What’s even more interesting is that the main threat in this story could have been – if not for some rather draconian contractual terms forbidding Big Finish to refer directly to the new TV series – either the Vashta Nerada (Silence In The Library / Forest Of The Dead), or something that would evolve into the Vashta Nerada. There’s not even anything to craftily suggest that connection, but the nature of the threat – including the dead explorer’s reanimated/inhabited space suit – is enough to instantly make me think of those TV episodes, and it would explain the tenth Doctor’s familiarity with the creatures as well as his awareness that it’s a threat from which to flee immediately. It really is too bad that the show’s history is carved up like this – it doesn’t really diminish this story, but it would probably help Big Finish move some more CDs if they could weave their audio stories into the larger tapestry of Doctor Who – new as well as old.
There are also a few intriguing implications that this story may take place fairly close to the seventh Doctor’s demise in the 1996 TV movie; Puccini’s “Madame Butterfly” is prominent, and the Doctor even announces his refusal to die “to the sound of elevator music.” It’s a neat and unexpected little reference with just a touch of ironic foreshadowing.

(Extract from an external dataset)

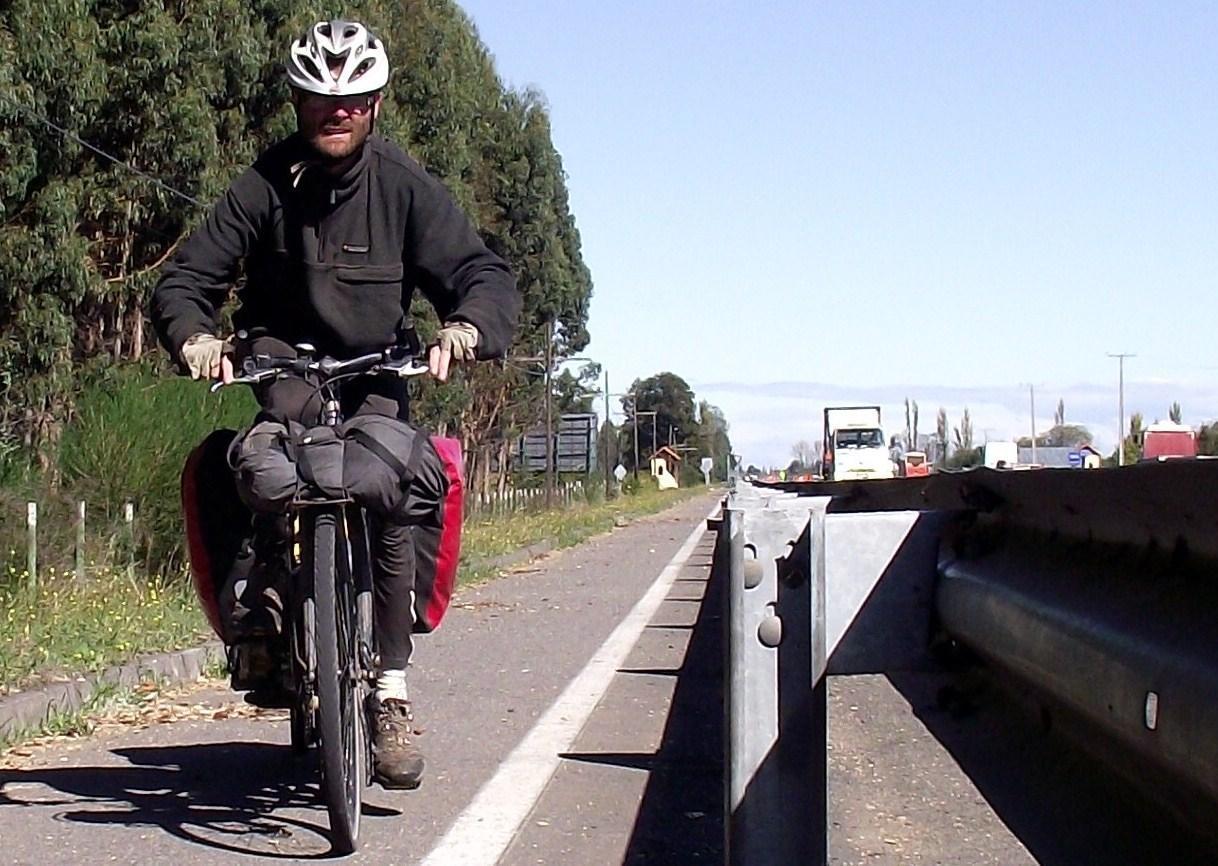 I have a useful booklet listing hostels in Chile and there is a hostel listed for the town of Chillan which was the town I planned on reaching Saturday evening. But on checking the address during an afternoon rest, I find that it isn't actually in town itself, but 20km before town. So Is glad I'd checked. The address listed, or rather the description of "how to find us" given was, "take the road from Bulnes to the village of Tres esquinas. We are at kilometer #7."

Spider’s Shadow, this CD’s one-part story, adds an almost-too-neat prologue to the loose thread of the Decay left dangling at the end of The Death Collectors, though maybe this is a case where one could make an argument for squeezing a second episode out of the “tag-along” story – it’s all just too quick. Its experiment in non-linear storytelling falls a bit flat as well; there may still be room to play with that as a plot device, but with Creatures Of Beauty and Flip-Flop behind us, both of them enjoyable and interesting, there’s already stiff competition within the Big Finish Doctor Who stories alone. Anyone hoping to do the non-linear thing had better have a good gimmick – better than this one, at any rate.